15. De rechtbank overweegt dat het gerechtshof Amsterdam in de uitspraak van
1. maart 202211 heeft overwogen dat bij de waardering van een woning op grond van de Wet WOZ het wettelijk waardebegrip het uitgangspunt is. Het doel waarvoor de waarde wordt vastgesteld, in dit geval als grondslag voor de overstapregeling, is niet van invloed op de wijze waarop de heffingsambtenaar de waarde dient te bepalen. Van strijd met de door eiseres genoemde rechtsbeginselen zoals antidiscriminatiebepalingen is derhalve geen sprake. Van de door eiseres gestelde willekeur is evenmin gebleken. Hetgeen in de Memorie van Toelichting staat en waar eiseres op wijst, heeft betrekking op het gegeven dat een nieuwe belastingplichtige een rechtsingang wordt geboden ten aanzien van een voor hem geldende waarde. Dit betekent niet dat de waarde moet worden bepaald op andere wijze dan de Wet WOZ voorschrijft. Deze beroepsgrond slaagt niet.
Conclusie
16. Het beroep is gegrond. De heffingsambtenaar heeft het bezwaar ten onrechte nietontvankelijk verklaard en heeft ten onrechte geen waardebeschikking voor 2015 afgegeven.

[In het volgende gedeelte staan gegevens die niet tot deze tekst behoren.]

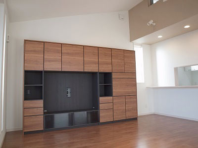 建具とフローリングの色を合わせて落ち着いたリビングに。
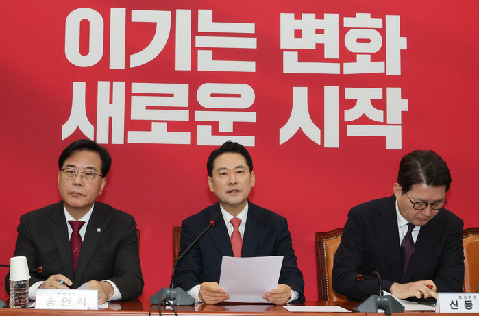 Jang Dong-hyeok (C), chief of the main opposition People Power Party, speaks during a meeting of the party's Supreme Council at the National Assembly on Jan. 12, 2026. (Yonhap)
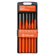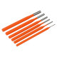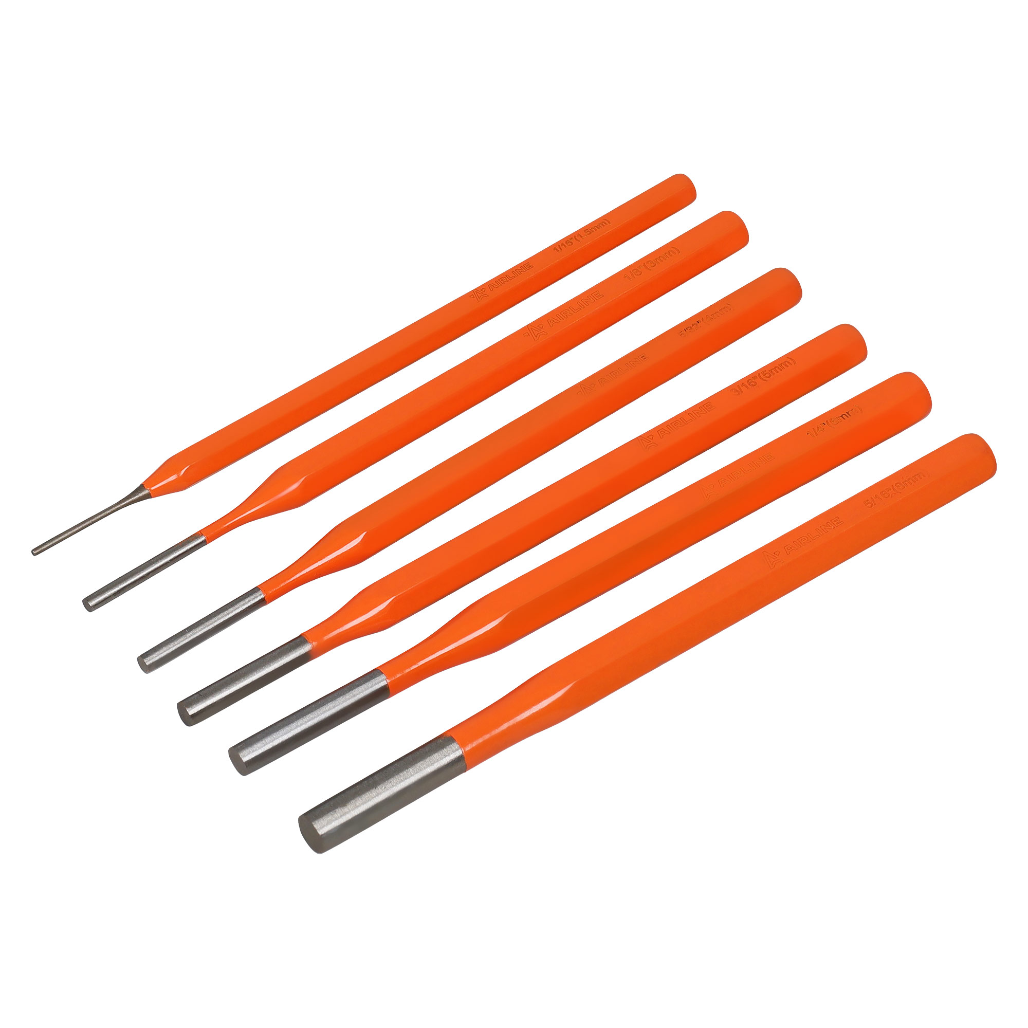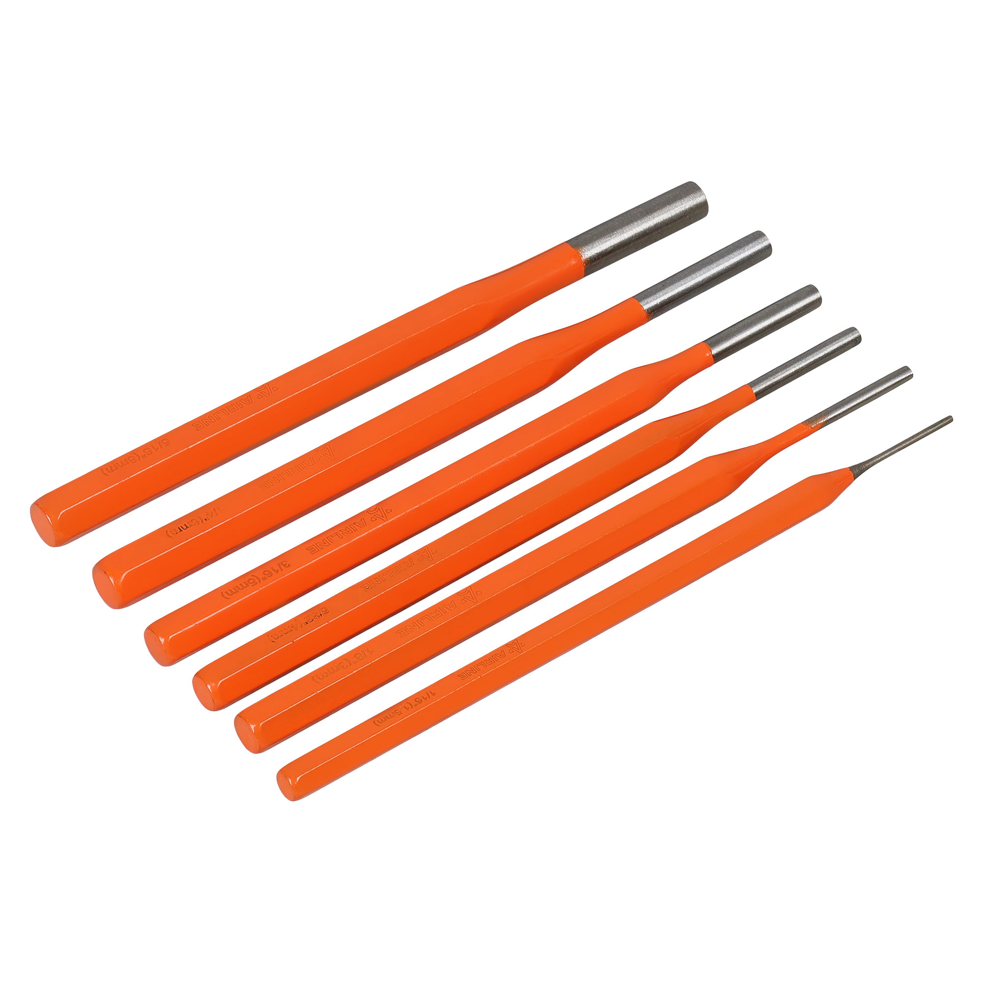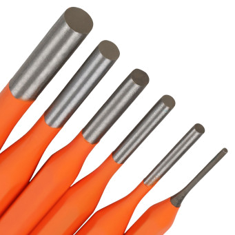 Набор (6 предметов) предназначен для выдалбливания отверстий, выбивания пазов и извлечения элементов крепежа, таких как шпильки, штифты и пробки, из различных материалов. Инструменты выполнены из высококачественной стали, которая обладает повышенной твердостью, стойкостью к ударным нагрузкам и износу. Набор включает выколотки диаметром 1.5, 3, 4, 5, 6 и 8 мм и оснащен удобным пластиковым держателем для безопасного хранения и предотвращения потери инструментов. Рекомендуется для профессионального использования благодаря высокой прочности, долговечности и устойчивости к внешним воздействиям.

Dat had wel gemoeten, omdat ook het waardegegeven van een woning in aanbouw gebruikt wordt in het kader van de overstapregeling. Er bestaat verder geen grond voor het oordeel dat de heffingsambtenaar een waardebeschikking voor 2015 moet afgeven alsof de woning al was afgebouwd. De heffingsambtenaar zal daarom opnieuw op het bezwaar dienen te beslissen en met inachtneming van deze uitspraak een waardebeschikking voor 2015 dienen af te geven.

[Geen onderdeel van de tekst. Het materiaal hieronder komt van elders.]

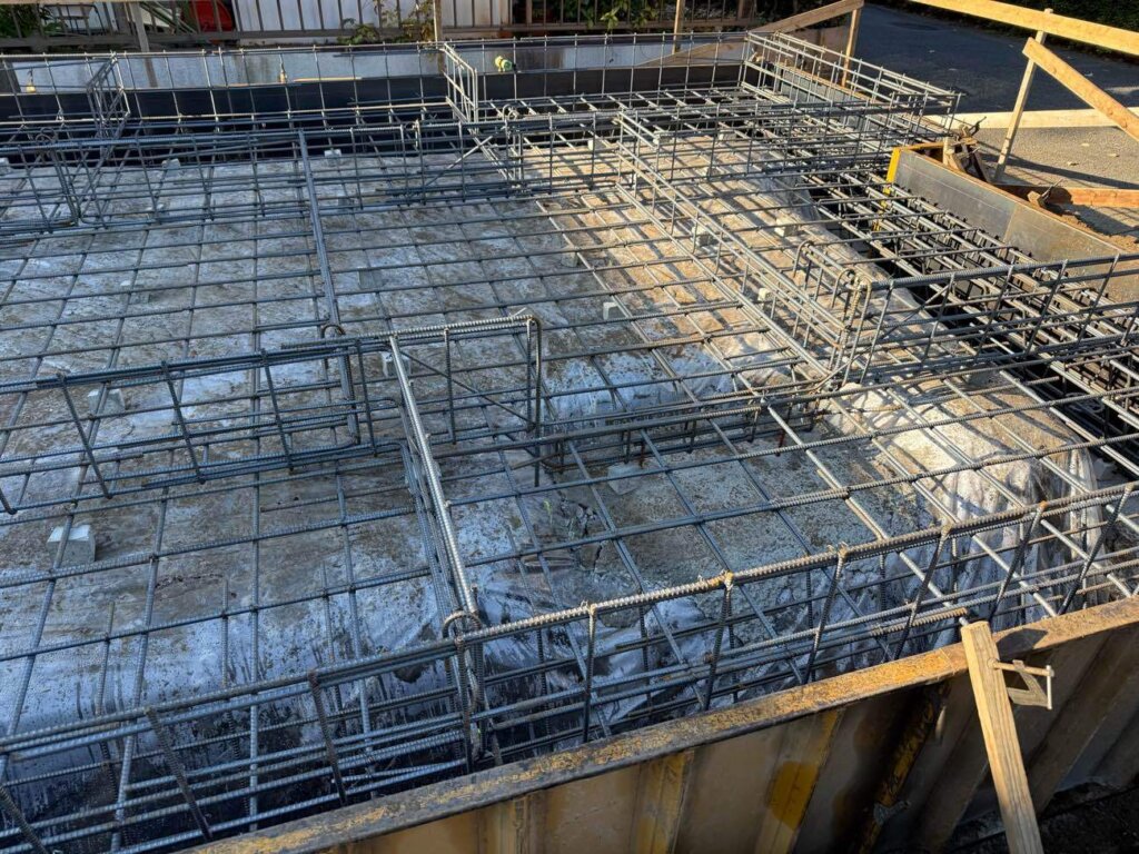 設備工事のスリーブ設置しましたので、コンクリート打設になります。

17. Omdat de rechtbank het beroep gegrond verklaart, bepaalt de rechtbank dat de heffingsambtenaar aan eiseres het door hem betaalde griffierecht vergoedt.
18. De rechtbank stelt de te vergoeden kosten voor juridische bijstand in de beroepsfase vast op € 2.092,50 (1 punt voor het indienen van het beroepschrift, 1 punt voor het verschijnen op de zitting van 4 april 2022 en 0,5 punt voor het verschijnen op de zitting van 13 februari 2023, met een waarde per punt van € 837 en een wegingsfactor 1). De rechtbank merkt de onderhavige zaak bij de veroordeling van de proceskosten aan als samenhangende zaak in de zin van artikel 3, tweede lid, van het Besluit proceskosten bestuursrecht met de zaken AMS 21/6042 en AMS 21/6036. De desbetreffende zaken zijn in beroep gelijktijdig behandeld, terwijl de beroepsmatige rechtsbijstand in deze zaken is verleend door dezelfde gemachtigde en de werkzaamheden van deze gemachtigde in elk van deze zaken nagenoeg identiek konden zijn. De te vergoeden proceskosten van in totaal € 2.092,50 worden daarom verdeeld over de drie zaken. Het bedrag aan te vergoeden proceskosten met betrekking tot de onderhavige zaak wordt vastgesteld op € 697,50.
Beslissing
De rechtbank:
- -
-
verklaart het beroep gegrond;
- -
-
vernietigt de uitspraak op bezwaar van 3 november 2021;
- -
-
draagt de heffingsambtenaar op binnen zes weken na de dag van verzending van deze uitspraak een nieuwe uitspraak te doen op het bezwaar met inachtneming van deze uitspraak;
- -
-
draagt de heffingsambtenaar op het betaalde griffierecht van € 49 aan eiseres te vergoeden;
- -
-
veroordeelt de heffingsambtenaar in de proceskosten van eiseres tot een bedrag van € 697,50.
Deze uitspraak is gedaan door mr. J.W. Vriethoff, voorzitter, en mr. A.M. van der LindenKaajan en mr. M. Frishert, leden, in aanwezigheid van mr. R. Camps, griffier. De beslissing is in het openbaar uitgesproken op 14 april 2023.